この種のねじれの原因は、本来の意味でコミュニティ全領域を扱ってきたはずの社会学の非力性はもちろん、隣接分野からの社会学的業績の摂取が不足しているからであろう。その成立当初から、社会学では広い意味のコモンやコミューンそれにコミュニティを論じてきた歴史があるのに、それが社会科学全体では共有されていないのである注4)。
「コミュニティ」はtimeless questions utopian model
社会学界内部の量的な蓄積は膨大であり、コミュニティがtimeless questions utopian modelだとして、そこから経験的に認識可能な理論へと転換する試みは学界内部ではほぼ共通に認められる。

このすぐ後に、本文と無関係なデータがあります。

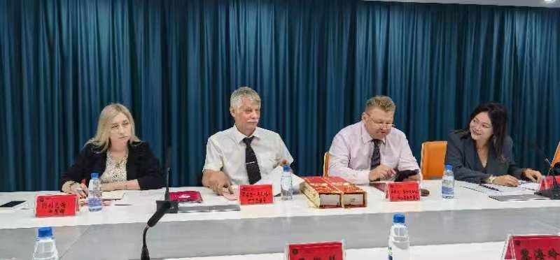 吴代赦代表学校对白俄罗斯国立大学国际萨哈罗夫环境研究所所长一行表示欢迎,并简要介绍学校情况。Rodzkin Aleh先生介绍白俄罗斯国立大学及研究所情况和办学特色,以及学校留学生情况。

コミュニティの要として、これまでも共同、共働、協働、協力などの組み合わせが作られてきたが、コミュニティ論の決定版は得られていない。その意味でコミュニティは、論者が使う指標次第で現状認識にも将来展望にも使用されてきた。
コミュニティへの新たな問いかけ
社会学説のなかでコミュニティとは何か、コミュニティはなぜ必要か、コミュニティは何の役に立つのか、コミュニティは何を指標とするか、コミュニティはどのような状態にあるか、コミュニティをどのように作り出すのかなどを、実態面と理念面を往復運動し、理論的立場や実証の分野から具体的に明らかにしようという問題意識で、私は学界デビューした(金子、1982)。
それまでの研究史を概観して、それは「コミュニティの三角形モデル」に結実した(図1)。
これは大学院時代から恩師鈴木広博士のコミュニティ調査の手伝いをして、綜合社会学的な社会認識としてヒト、モノ、ココロの三次元を知り、先行研究から学んだ結果、簡単なコミュニティモデルとして発表したものである。